“Adoration of the Shepherds” by Gerard van Honthorst, 1622 |
My heart won’t rest in the manger is year.
It’s been a hard month and my prayers can’t seem to stay with Baby Jesus. I long for the powerful God made man, not the baby that will grow up to one day be the Lord of lords and King of kings.
But like Mary, who wondered how God would become a baby, her baby, I need to stare into that feed trough full of life and face my own confusion.
This Christmas, a feeling of peace is not what I need, nor is it a joyful heart. I hunger for more of God.
It all still begins in that little baby, though, doesn’t it? I can’t pass by Him, discount the wonder, the power, the majesty of who He really is.
If Jesus is the same yesterday, today, and forever, then the hope of the world is always bound up in that baby Jesus.
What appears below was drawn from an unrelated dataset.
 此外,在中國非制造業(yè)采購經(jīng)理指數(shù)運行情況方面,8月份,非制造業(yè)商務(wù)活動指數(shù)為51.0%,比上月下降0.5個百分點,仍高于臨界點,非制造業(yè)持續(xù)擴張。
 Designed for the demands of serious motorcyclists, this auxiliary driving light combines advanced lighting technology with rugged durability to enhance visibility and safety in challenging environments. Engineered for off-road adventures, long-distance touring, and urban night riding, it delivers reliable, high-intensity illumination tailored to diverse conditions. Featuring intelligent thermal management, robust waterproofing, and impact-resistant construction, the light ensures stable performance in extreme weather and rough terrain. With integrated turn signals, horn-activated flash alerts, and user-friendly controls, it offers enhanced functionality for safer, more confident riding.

I don’t need the baby to grow up so He can answer my great need.
No, I need to grow up and remember He already answered my greatest need.
It’s been eighteen years since I fell in love with Jesus, and I am standing in only inches of His great love for me.
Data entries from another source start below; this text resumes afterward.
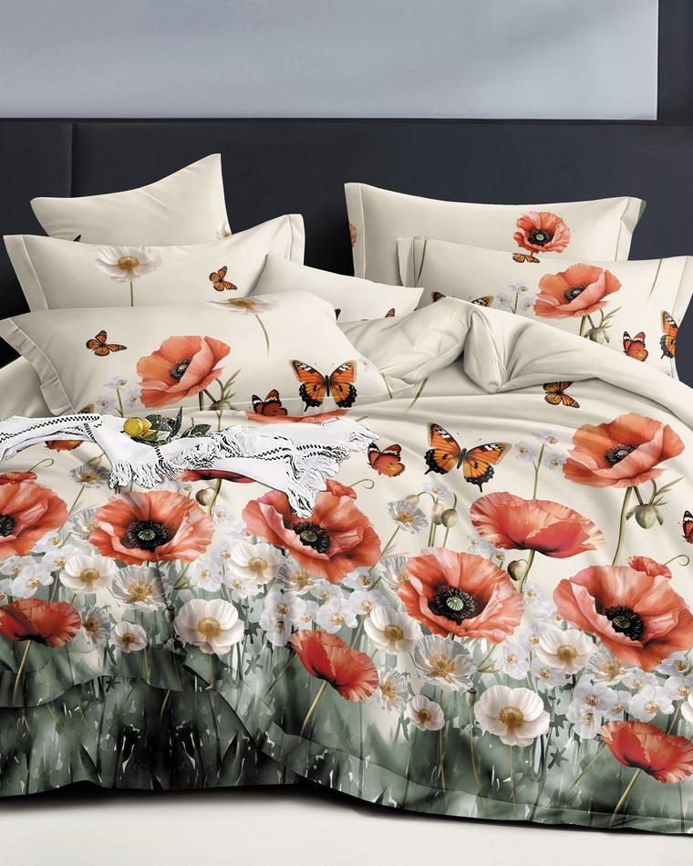 Данный комплект постельного белья выполнен из материала "Бязь". Бязь – хлопчатобумажная ткань , которая имеет множество положительных качеств. Эта ткань не вызывает аллергии , так как при ее производстве используют лишь натуральный хлопок. Зимой такая ткань обладает согревающим эффектом , а летом , в жару, дарит прохладу телу. Постельное белье из бязи прослужит долгую службу. Немаловажно ещё и то, что за бязью легко ухаживать . Бязь легко стирается . Такое постельное белье способно удовлетворить любые эстетическо-художественные пожелания покупателей. * Уважаемые покупатели, обратите внимание, что цвет комплекта, на изображении в нашем каталоге, может несколько отличаться от цвета самого товара, но, зачастую, это отличие незначительно. Так же просим обратить внимание, что расположение рисунка на наволочках так же может незначительно отличаться от изображения комплекта в каталоге. Отсутствуют все отделочные элементы: вышивка, тесьма, «ушки» на наволочках и пододеяльнике.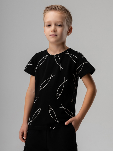 Материал кулирная гладь Состав 92% хлопок 8% лайкра Футболка для детей дошкольного возраста. Футболка свободного силуэта с втачным коротким рукавом. Горловина футболки округлой формы. Состав: кулирная гладь 92% хлопок 8% лайкра.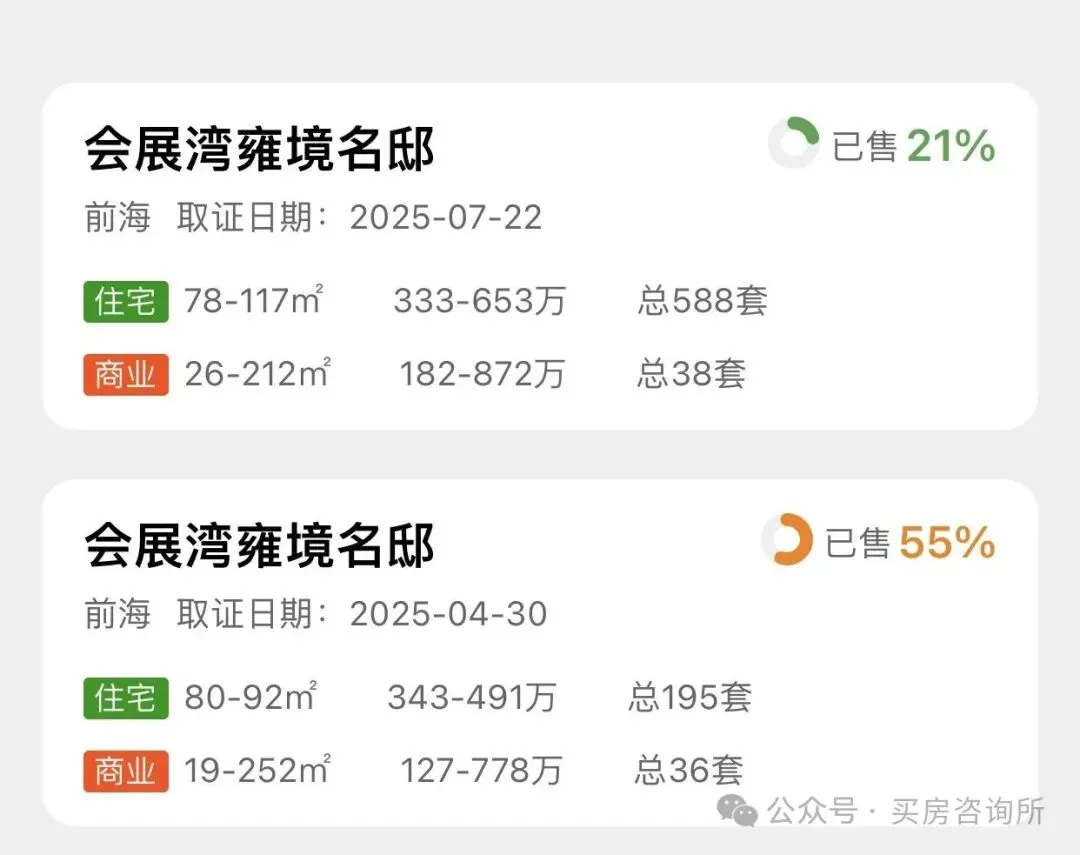 早在2024年底,一期会展湾雍境花园约1300套房子就已全部交付。按合同,其实最晚交付期限是2025年底前。

But it’s Christmas now, and Jesus can be born afresh in our hearts.
I have decided to empty out all the old. I am purging my heart of old love, old wine, old scriptures, old Christmas emotions.
Like a pregnant mama, I am nesting, making space for life to begin anew.
I want baby Jesus in ways that my words can’t quite explain.
I can hedge around my feelings, poke at them with poetic thoughts, sing them with words no one understands.
But this longing wells up in a gut-wrenching sob and the tears flow so fast I can’t hold them back.
And then the gratitude fills me. I am so grateful to serve a God who can meet even these deep hopes for more.
Living water that never runs dry flows from that manger to the cross and the hard truth stares at me that God became a man because we are a mess without Him, a hopeless unredeemable cause but for His sacrifice.
What kind of God does that?
There He is asleep in Mary’s arms. God with us, alongside us, amidst us in the hardness of even this season. She carried Him and yet it is Jesus who truly bears all of us.
At last, I look in wonder at the baby Jesus and find Christmas is all as it should be.